When asked about the rising crime rate, President Joe Biden’s (D) press secretary, Jen Psaki, immediately changed the subject. “I would say certainly there is a guns problem,” Psaki said. “And that’s something the president would say.”
That may, indeed, be “something the president would say.” But that doesn’t change the fact that it’s nonsense. Indeed, it is hard to imagine what argument Psaki and Biden even think that they are making. Between 1992 and 2015, crime in the United States dropped dramatically at the same time as the Second Amendment was being assiduously restored and the American public was buying hundreds of millions of firearms. In 1992, the FBI reports, the violent crime rate was 757.7 per 100,000 residents. By 2015, the rate was 372.6 per 100,000, a reduction of more than half. This drop applied across the board: to murder (from 9.3 in 1992 to 4.9 in 2015), rape (42.8 in 1992 to 28.1 in 2015), robbery (263.7 in 1992 to 101.9 in 2015) and aggravated assault (441.9 in 1992 to 237.8 in 2015).
Review after review has poured cold water on the idea that bans on so-called “assault weapons” have had any effect on crime.
During the same period, the number of guns in private hands nearly doubled, from around 190 million to nearly 360 million; the number of so-called “assault weapons” rose from 1.5 million to more than 11 million; the number of concealed-carry permit holders increased more than tenfold; and, at almost every level, the laws governing the keeping and bearing of arms were liberalized dramatically.

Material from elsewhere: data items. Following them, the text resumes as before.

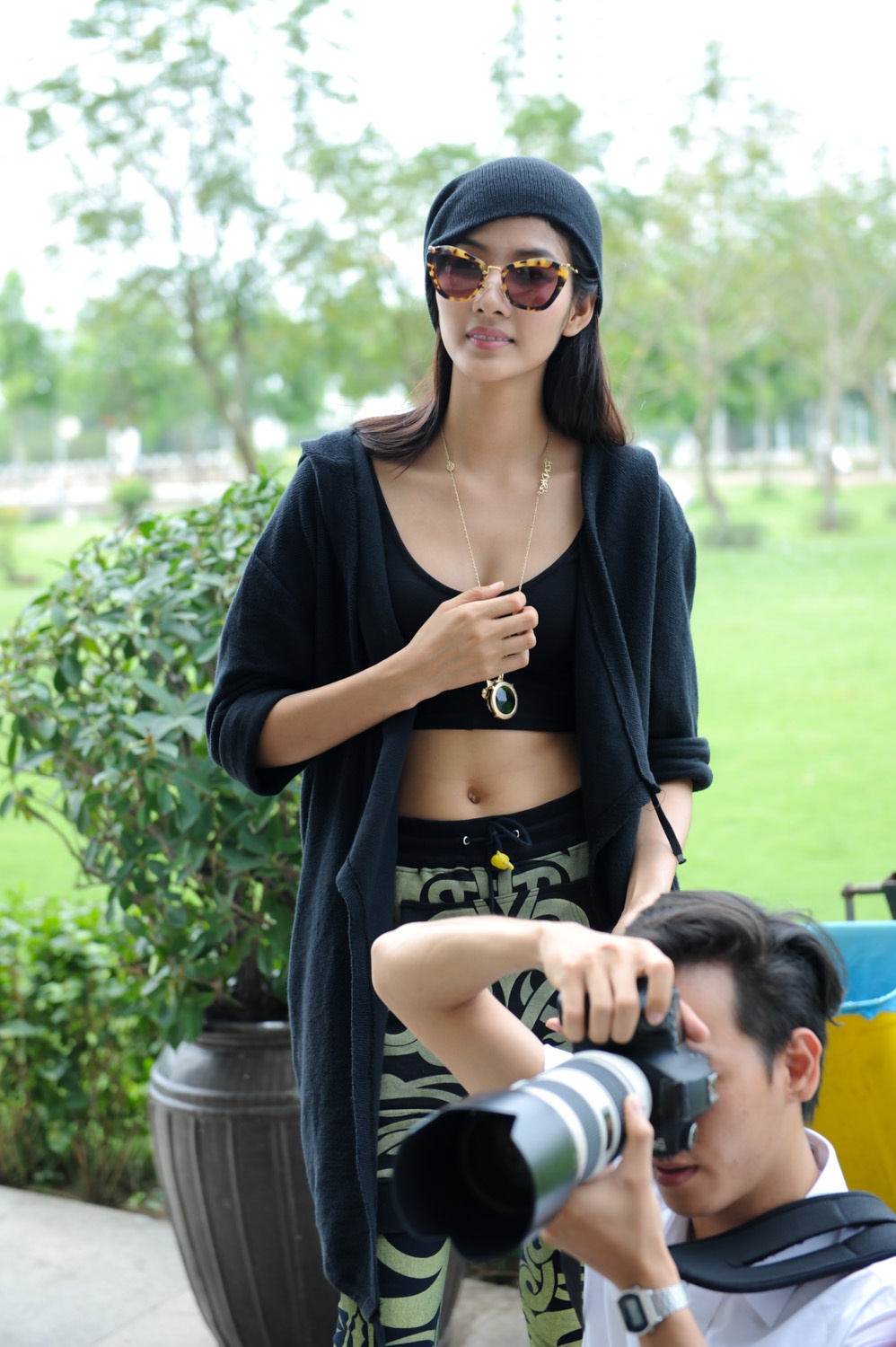 Hoàng Thùy không quản trời trưa nắng để hướng dẫn từng thí sinh cách ngồi phù hợp, làm toát lên những điểm nhấn cuốn hút của trang phục.
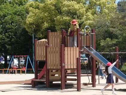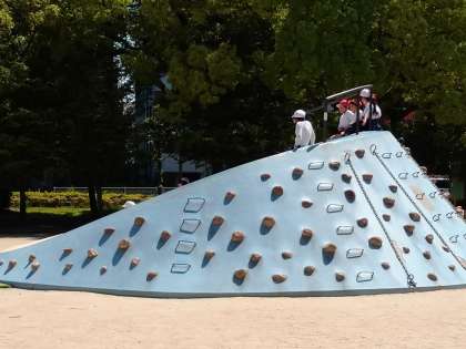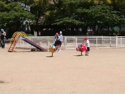 遊具で思い切り遊びました。そろそろ学校に戻ります。
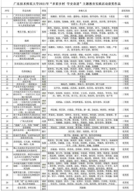 2021年“多彩乡村 学史奋进”主题教育实践活动由广东省人民政府地方志办公室、广东省精神文明建设委员会办公室、广东省教育厅、广东省科学技术厅、广东省农业农村厅、广东省文化和旅游厅、广东省人民政府港澳事务办公室、共青团广东省委员会、广东省学生联合会、南方报业传媒集团联合举办。活动开展以来,学校领导高度重视,由图书馆、团委、组织部、科研处、学生处、研究生院等部门联合宣传组织广大师生积极参与,取得了较好的社会效应。
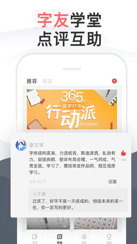 这里拥有许多用户发布的字帖作品,您可以在这里欣赏他人的作品;
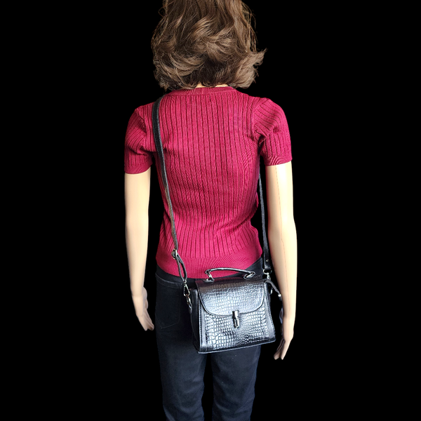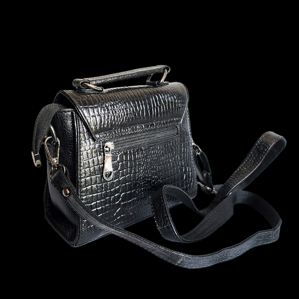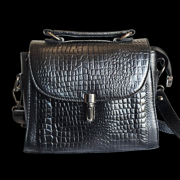 Genuine Leather Clutch Handbag - Black Crocodile
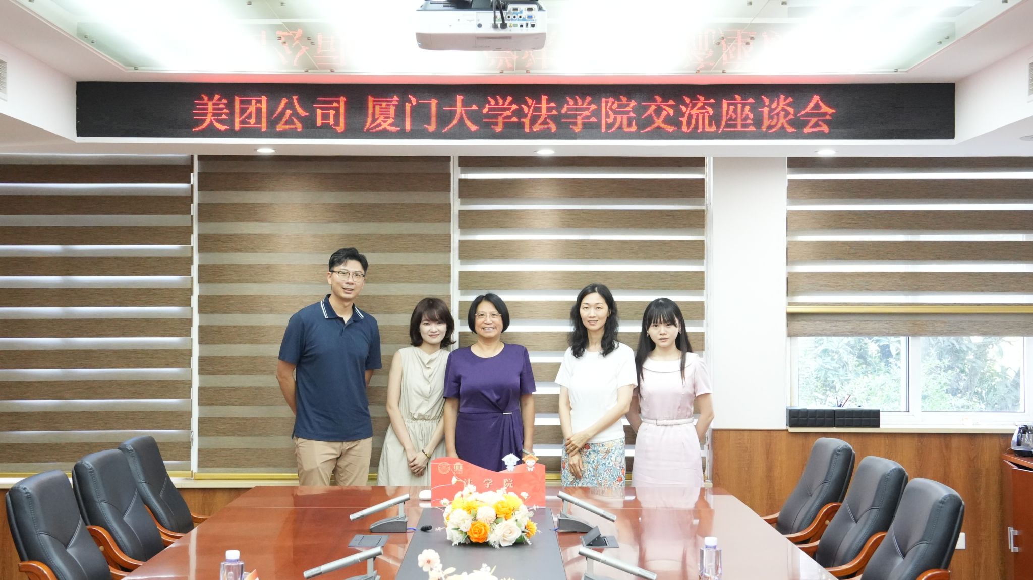 6月9日下午,美团华南高级法务总监梁博文、广东法务总监詹春梅来院洽谈合作,法学院党委书记何丽新教授、民商法教研室主任王兰教授、助理教授傅雪婷等参加座谈。
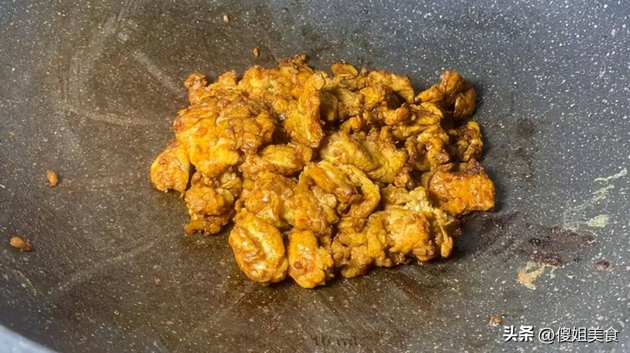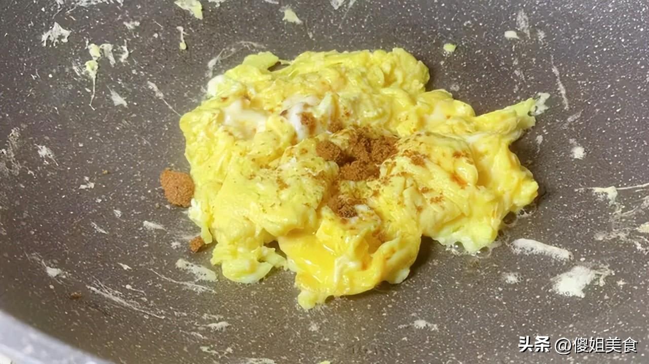 5、關鍵一步! 看到鍋裏的雞蛋基本都凝固了,變成嫩黃誘人的小塊塊了?這時候把紅糖撒在雞蛋塊上!緊接着,把小半勺鹽也撒上去。鹽能很好地平衡紅糖的甜,讓味道更有層次,不齁甜。快速翻炒! 讓紅糖和鹽在熱氣的作用下,趕緊裹到每一塊雞蛋上。你會看到紅糖微微融化,給雞蛋染上一點焦糖色,香氣“噌”地就上來了!再快速翻炒個十幾秒,關火!
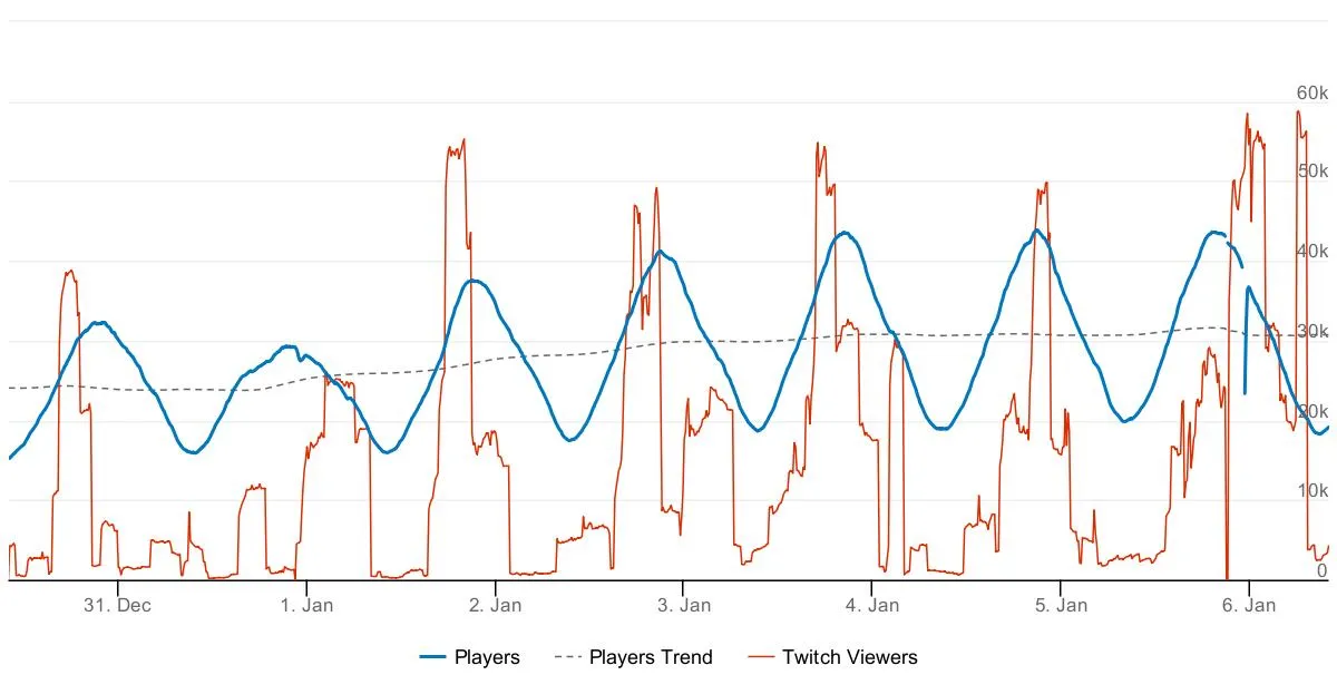 Статистика видеоигры Bloons TD 6 за последнюю неделю: синий – онлайн в Steam, красный – онлайн на Twitch / фотография с портала SteamDB

To buy what Psaki and Biden are selling, one has to believe that, for a solid 23 years, there was no negative connection between these facts, but that, as of about 2016, that magically began to change.
It didn’t. Unlike the right to self-defense—which is inherent and inviolable in all human beings—the prevention of crime is a complicated matter that requires the correct combination of sensible laws, adequate policing, appropriate sentencing and a culture that supports all three. To look at the increases in crime we have seen over the last couple of years and shout “guns!” in response is simply bizarre—especially when one looks at the statistics.
Review after review has poured cold water on the idea that bans on so-called “assault weapons” have had any effect on crime. Review after review has rejected the claim that the proliferation of concealed carry has led to any increase in crime. Review after review has noted that even the total abolition of permitting for the open and concealed carry of firearms has not increased crime. What, one must ask, does Psaki think has happened here? Have the criminals only just noticed that they are able to break the law?
Or could we perhaps be witnessing the consequences of a series of public-policy changes that have nothing whatsoever to do with firearms and law-abiding gun owners? The last five years have been marked by a decreasing respect for the police, by an increasing tolerance of riots, by a precipitous rise in drug addiction and by district attorneys in many of America’s major cities who are blatantly not interested in enforcing the law.
If the White House is alarmed by what is happening to the crime statistics, it would do well to look at these developments and consider whether they are welcome after all. Instead, Jen Psaki and her boss have elected to do what they always seem to do in such circumstances: To ignore the question, to gesture at the voters they dislike and then to take square aim at a sacred provision of the U.S. Constitution.